An electricity distribution infrastructure contractor that worked for the U.S. Army Corps of Engineers on hurricane restoration in Puerto Rico has agreed to pay the government $8.4 million to resolve allegations that it improperly withheld pricing data. The company denies the charges, agreeing to the settlement in order to avoid lengthy litigation.
The Corps’ Jacksonville District hired Durham, N.C.-based PowerSecure Inc., a subsidiary of Atlanta-based Southern Co., via a sole source time-and-materials contract for repair and restoration of Puerto Rico’s power grid following Hurricane Maria in 2017. The Corps’ contract was initially worth $1.3 million. After several modifications, its value reached $523 million, according to a 2019 U.S. Dept. of Defense Inspector General audit.
US Justice Dept. officials alleged that PowerSecure violated the Truth in Negotiations Act, which requires that government negotiators have access to cost or pricing data when developing a proposal for a sole-source contract, as well as the False Claims Act, which makes contractors liable for defrauding the federal government, by knowingly failing to disclose pricing data related to labor and equipment costs on another post-hurricane restoration project it had taken in Florida and Georgia earlier in 2017.
“Where government contractors seek the award of a sole source contract, they have an obligation to be fully transparent with the government regarding the basis for their proposed pricing,” Brian Boynton, principal deputy assistant attorney general and head of DOJ’s civil division, said in a statement.
The settlement agreement notes that PowerSecure does not admit any liability and that the deal was reached to avoid prolonged litigation. In a statement, a PowerSecure spokesperson said the company, “negotiated in good faith with the Corps at all times.”
“PowerSecure is proud of the challenging and dangerous work it performed and emphatically denies the government’s allegations,” they said.
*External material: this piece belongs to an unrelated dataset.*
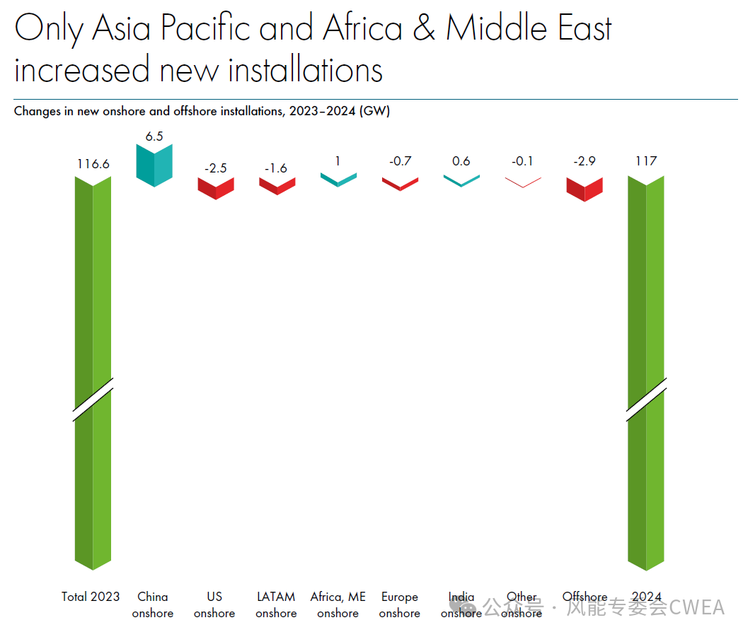 2025年4月23日,全球风能理事会(GWEC)在伦敦发布的《2025全球风能报告》显示,2024年是新增装机创纪录的一年,全球新增风电并网装机容量为117GW。

The DOD audit notes that time-and-materials contracts are not preferred because they provide no incentive for the contractor to control costs or labor efficiency. Government agencies are required to monitor contractor performance when using these contracts. However, auditors found that the Corps did not adequately monitor PowerSource’s hours worked or review invoices to ensure they correspond to actual work performed.
The Corps did not know whether $61.3 million of labor costs paid across seven invoices were allowable under regulations or the contract terms, auditors wrote. They found $29.2 million paid by the Corps “was unsupported and potentially unallowable.”
“This settlement is an example of the need for transparency and accountability in proposed pricing when negotiating sole source contracts,” Sean O’Donnell, DOD’s acting inspector general, said in a statement.